Bob Clasby

No. 91, 98, 79
- Positions: Defensive tackle Defensive end

Personal information
- Born: September 28, 1960 (age 65) Detroit, Michigan, U.S.
- Listed height: 6 ft 5 in (1.96 m)
- Listed weight: 260 lb (118 kg)

Career information
- High school: Boston College (Boston, Massachusetts)
- College: Notre Dame
- NFL draft: 1983: 9th round, 236th overall pick

Career history
- Seattle Seahawks (1983)*; Chicago Blitz (1984); Jacksonville Bulls (1984-1985); St.
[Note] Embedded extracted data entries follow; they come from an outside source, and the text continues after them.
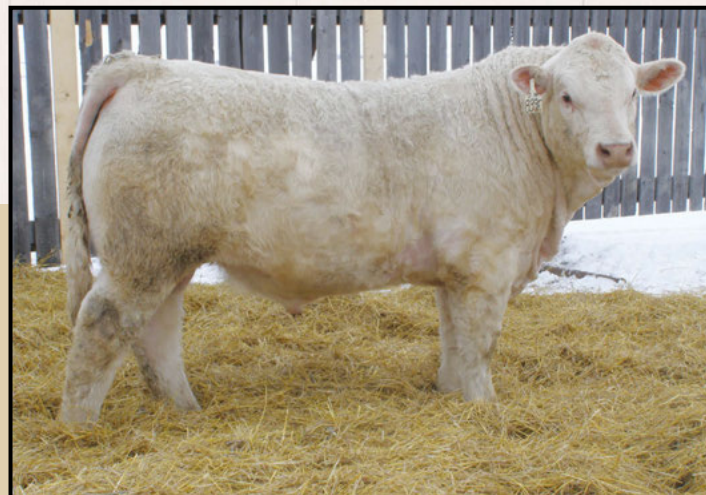
Lot 17 - LAE FASCINATE 839F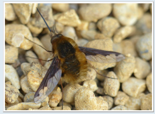
Large Bee-fly - Bombylius major - Flintham, Notts. - 9th April, 2015 cheers 🚇

Re: celery by celery, 16-Apr-15 09:31 AM GMT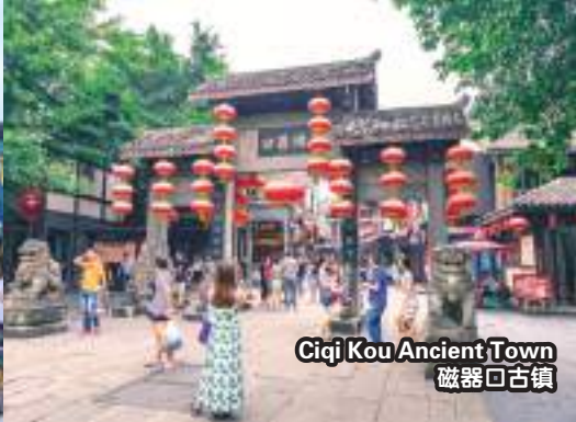
Ciqi Kou Ancient Town 磁器口古镇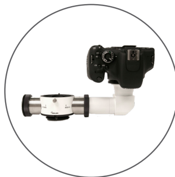
Easily attach any Sony, Canon, or Nikon DSLR camera directly to the microscope for high quality, razor sharp images.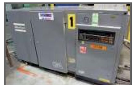
ATLAS COPCO GAU410 40 HP ROTARY SCREW AIR COMPRESSOR

To discuss your requirements for an auction, please call Perfection Industrial 847.427.3333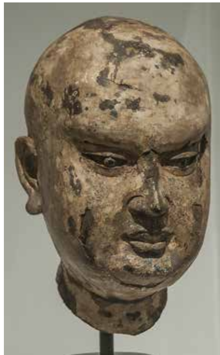
Fig. 32. Head of a Luohan, 10 th -12 th century (Song period). Dry lacquer and glass. H: 17 1/4 in. Eugene Fuller Memorial Collection 40.20.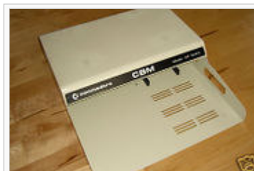
The VC-1020 expansion chassis (name used in Germany). Note the hole on the right hand side of the chassis to allow access to the VIC-20's power & joystick connections.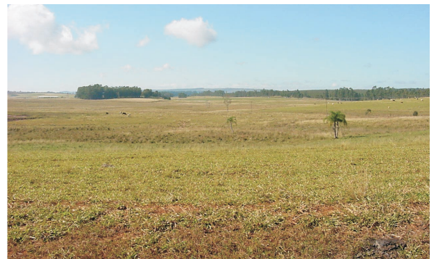
FIG 7 - Reclaimed area returned to the land owners for raising cattle.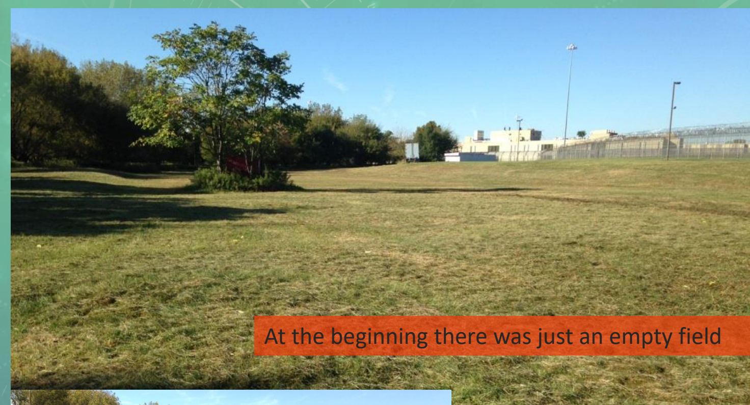
At the beginning there was just an empty field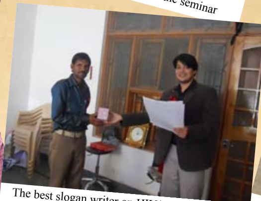
The best slogan writer on HIV/AIDS receives his prize at Guna, Madhya Pradesh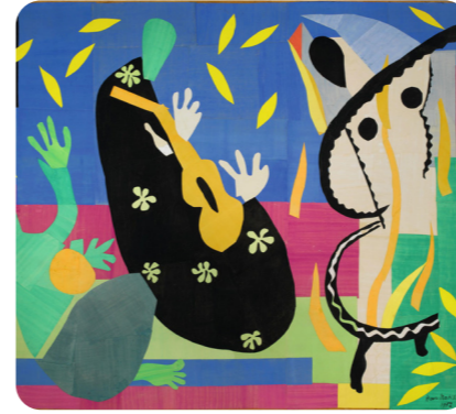
Sorrow of the King by Henri Matisse, 1952

Paper collages are made by gluing different types of paper to a background. The paper used to make a collage can be torn, folded, crumpled or layered to create interesting textural effects. Henri Matisse is well known for his collage art.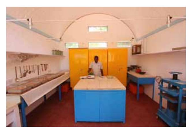
Interior of the laboratory

the Institute called Thermocrete in order to reduce the cracking that results from the fluctuating temperatures caused by changes in solar radiation. It consists of a 5 cm layer of a mix of polystyrene pellets in a matrix of cement and soil, in a ratio 1 cement, 0.5 soil (sieved 2mm), 5 polystyrene, and 0.65 water. This insulation is applied on top of the waterproofing as it is meant to reduce the thermal expansion of the latter and the vault below. The laver of thermocrete is protected by a layer of 1.5 cm thick of lime stabilized earth plaster.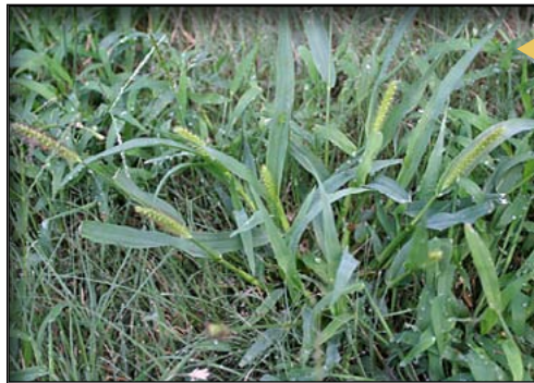
Foxtail.

Louis/Phoenix Cardinals (1986–1990);
- * Offseason or practice squad member only

Career NFL statistics
- Sacks: 14.5
- Fumble recoveries: 2
- Interceptions: 1
- Stats at Pro Football Reference

= Bob Clasby =

American football player (born 1960)

Robert James Clasby (born September 28, 1960) is an American former professional football player who was a defensive lineman for five seasons in the National Football League (NFL). He was selected by the Seattle Seahawks in the ninth round of the 1983 NFL draft, after playing college football for Notre Dame Fighting Irish. He played for five seasons in the NFL for the St. Louis/Phoenix Cardinals.